Make a verbatim copy of the entries below; pictures stay out.

>>>

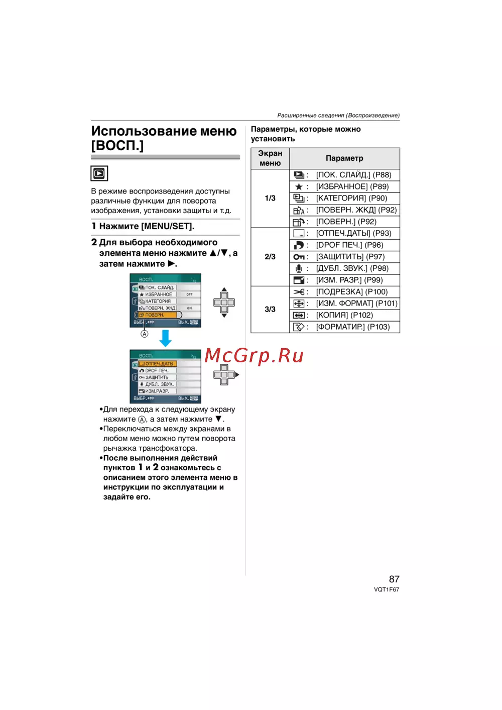 Panasonic DMC-FX100EEN Metal — функции меню воспроизведения: управление изображениями и настройками [87/167]
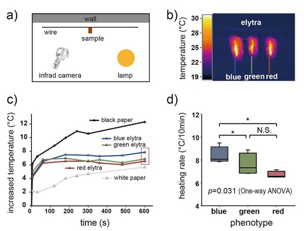 研究揭示蓝色甲虫升温更快的物理化学机制与生态适应进化新理论。颜色多态性现象在生物中广泛存在,其物理和化学机制复杂,往往与增强生态适应力和促进物种分化相关。有关生物颜色的功能,通常由伪装、体温调节、机械抵抗、紫外线防护等假说进行解释。然而,颜色的形成是一个复杂的物理、化学过程。过去关于种内颜色多态性的研究多集中在现象描述、假说讨论、分子机制探讨等,忽视了颜色形成的物理和化学机制基础,因而阻碍了功能假说的论证设计,进而误解其生态功能和演化驱动因素。
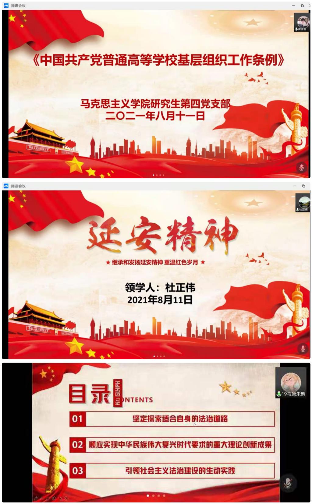 本网讯(文/图 朱新原)8月11日晚,研究生第四党支部通过腾讯会议开展以“学习党史,礼赞百年”为主题的党日活动。此次活动由支部组织委员沈画画主持,全体党员参加。
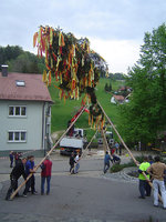 Am letzten Apriltag eines jeden Jahres wird in Walkersbach auf dem Dorfplatz der Maibaum in die Höhe gezogen – eine Aufgabe, die seit vielen Jahren von der örtliche Feuerwehr übernommen wird. In deren Hand liegt auch das Schlagen und Rebbeln des Festbaumes sowie das Binden der Kränze und Girlanden. Bei Letzteren erhalten die Feuerwehrmänner tatkräftige Unterstützung durch engagierte Frauen im Ort. Diese sind es auch, die die Männer und alle fleißigen Helfer an jenem Tag verköstigen. Unzählige junge und alte Bürger unseres kleinen Orts versammeln sich auf dem Dorfplatz und können so der Feuerwehr bei einer ihrer zahlreichen Aufgaben beobachten und unterstützen. Wurde früher der bis zu dreißig Meter hohe Baum allein durch Holzschwalben und Manneskraft in die Höhe gehievt, werden die Männer heute durch ein bis zwei Schlepper unterstützt.
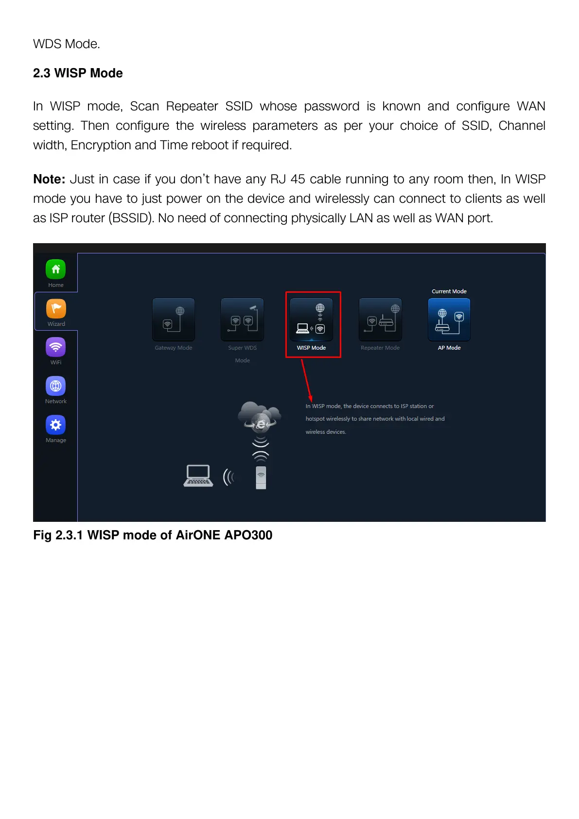 mode you have to just power on the device and wirelessly can connect to clients as well
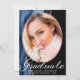 Schicken Sie Ihre Familie und Freunde diese 2021 chic Glitzer und Glam benutzerdefinierte Foto Abschluss-Ankündigungskarte, um sie zu wecken. Dieses moderne Template-Design bietet Ihnen ein Foto, um auf Ihr eigenes gerahmte in Imitaten Rose Gold Glitzer mit einem Rand von blau und Rose Gold agate abstrakte Kunst auf der links und schwarz auf der rechten Seite. Unter Ihrem Foto steht "Graduate" in eleganter Schrift Typografie mit Ihrem Namen, der Schule und dem Jahr zum Personalisieren. Entworfen von Susan Coffey.
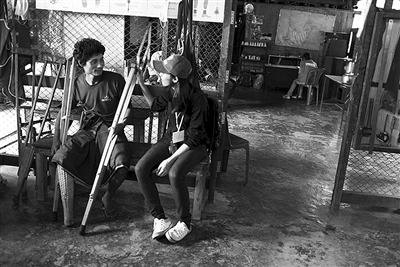 姚晨和等待安装假肢的难民聊天。
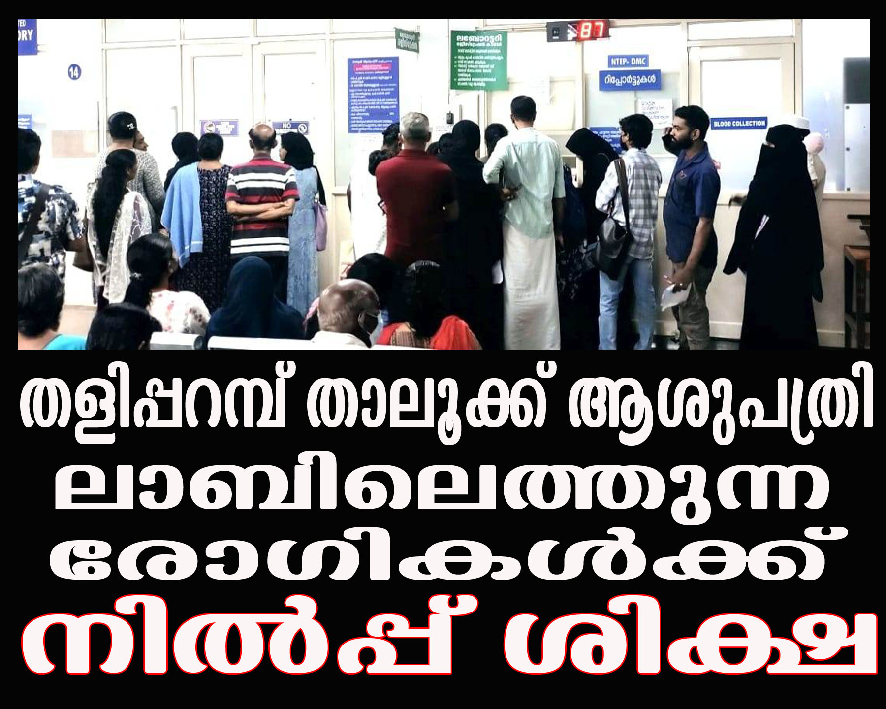 തളിപ്പറമ്പ്: തളിപ്പറമ്പ് താലൂക്ക് ഹെഡ്ക്വാർട്ടേഴ്സ് ആശുപത്രി ലാബിൽ പരിശോധനക്ക് എത്തുന്ന രോഗികൾക്ക് നിൽപ്പ് ശിക്ഷ.
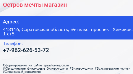 Остров мечты, магазин по адресу 413116, Саратовская область, Энгельс, проспект Химиков, 1 ст5 в дальнейшем Организация, размещена в следующих категориях:
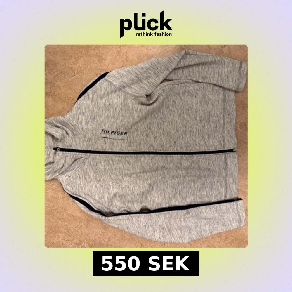 Snygg ljusgrå hoodie från Tommy Hilfiger i storlek M. Tröjan har hel dragkedja framtill, diskret Hilfiger-logga på bröstet och svarta detaljer längs ärmarna. Mjuk och skön bomullsmix med långärmad passform och huva.
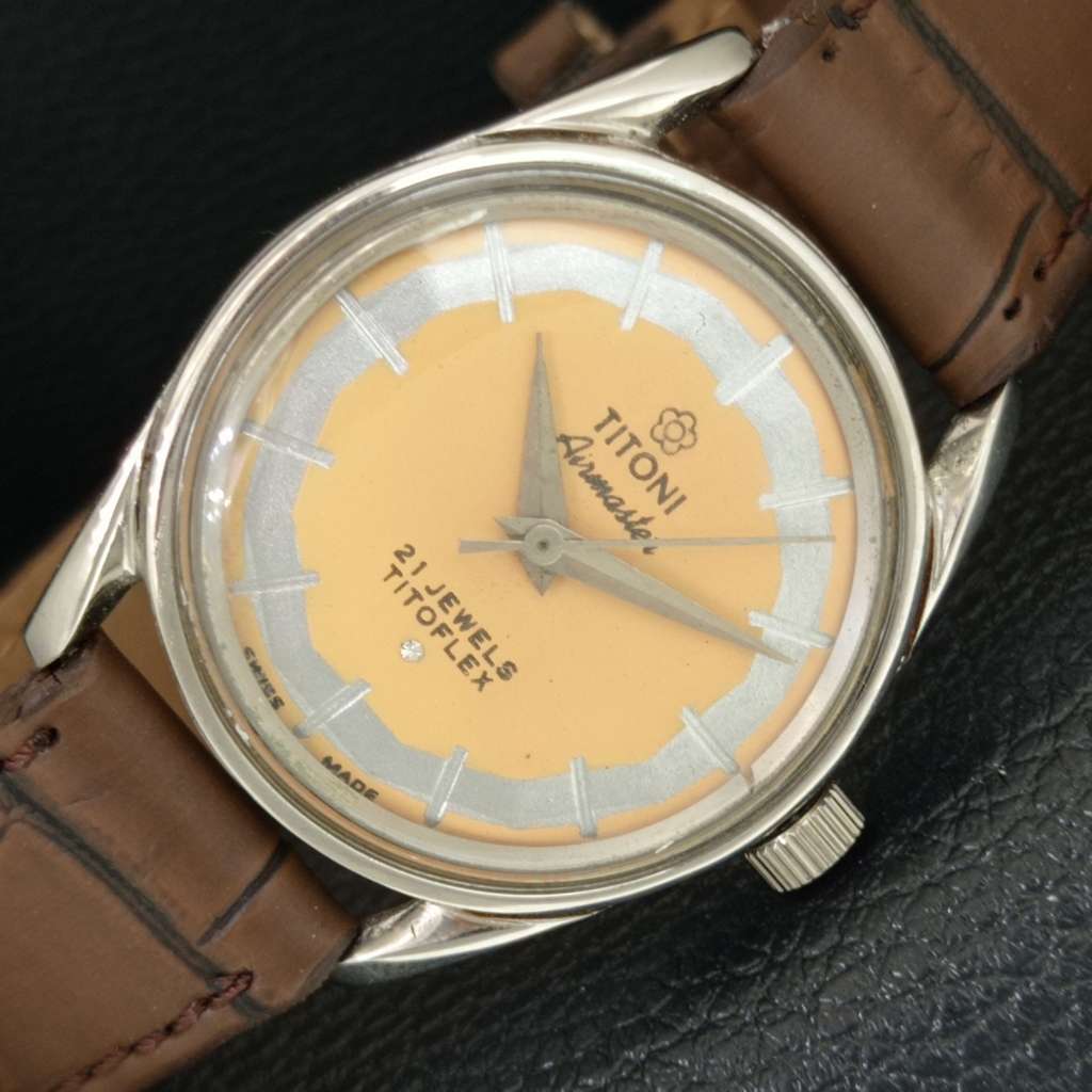 SWISS VINTAGE TITONI AIRMASTER TITOFLEX HAND-WINDING MENS BEIGE WATCH a703221-1

<<<

### ANSWER TO THIS PROBLEM
 Panasonic DMC-FX100EEN Metal — функции меню воспроизведения: управление изображениями и настройками [87/167]
 研究揭示蓝色甲虫升温更快的物理化学机制与生态适应进化新理论。颜色多态性现象在生物中广泛存在,其物理和化学机制复杂,往往与增强生态适应力和促进物种分化相关。有关生物颜色的功能,通常由伪装、体温调节、机械抵抗、紫外线防护等假说进行解释。然而,颜色的形成是一个复杂的物理、化学过程。过去关于种内颜色多态性的研究多集中在现象描述、假说讨论、分子机制探讨等,忽视了颜色形成的物理和化学机制基础,因而阻碍了功能假说的论证设计,进而误解其生态功能和演化驱动因素。
 本网讯(文/图 朱新原)8月11日晚,研究生第四党支部通过腾讯会议开展以“学习党史,礼赞百年”为主题的党日活动。此次活动由支部组织委员沈画画主持,全体党员参加。
 Am letzten Apriltag eines jeden Jahres wird in Walkersbach auf dem Dorfplatz der Maibaum in die Höhe gezogen – eine Aufgabe, die seit vielen Jahren von der örtliche Feuerwehr übernommen wird. In deren Hand liegt auch das Schlagen und Rebbeln des Festbaumes sowie das Binden der Kränze und Girlanden. Bei Letzteren erhalten die Feuerwehrmänner tatkräftige Unterstützung durch engagierte Frauen im Ort. Diese sind es auch, die die Männer und alle fleißigen Helfer an jenem Tag verköstigen. Unzählige junge und alte Bürger unseres kleinen Orts versammeln sich auf dem Dorfplatz und können so der Feuerwehr bei einer ihrer zahlreichen Aufgaben beobachten und unterstützen. Wurde früher der bis zu dreißig Meter hohe Baum allein durch Holzschwalben und Manneskraft in die Höhe gehievt, werden die Männer heute durch ein bis zwei Schlepper unterstützt.
 mode you have to just power on the device and wirelessly can connect to clients as well
 Schicken Sie Ihre Familie und Freunde diese 2021 chic Glitzer und Glam benutzerdefinierte Foto Abschluss-Ankündigungskarte, um sie zu wecken. Dieses moderne Template-Design bietet Ihnen ein Foto, um auf Ihr eigenes gerahmte in Imitaten Rose Gold Glitzer mit einem Rand von blau und Rose Gold agate abstrakte Kunst auf der links und schwarz auf der rechten Seite. Unter Ihrem Foto steht "Graduate" in eleganter Schrift Typografie mit Ihrem Namen, der Schule und dem Jahr zum Personalisieren. Entworfen von Susan Coffey.
 姚晨和等待安装假肢的难民聊天。
 തളിപ്പറമ്പ്: തളിപ്പറമ്പ് താലൂക്ക് ഹെഡ്ക്വാർട്ടേഴ്സ് ആശുപത്രി ലാബിൽ പരിശോധനക്ക് എത്തുന്ന രോഗികൾക്ക് നിൽപ്പ് ശിക്ഷ.
 Остров мечты, магазин по адресу 413116, Саратовская область, Энгельс, проспект Химиков, 1 ст5 в дальнейшем Организация, размещена в следующих категориях:
 Snygg ljusgrå hoodie från Tommy Hilfiger i storlek M. Tröjan har hel dragkedja framtill, diskret Hilfiger-logga på bröstet och svarta detaljer längs ärmarna. Mjuk och skön bomullsmix med långärmad passform och huva.
 SWISS VINTAGE TITONI AIRMASTER TITOFLEX HAND-WINDING MENS BEIGE WATCH a703221-1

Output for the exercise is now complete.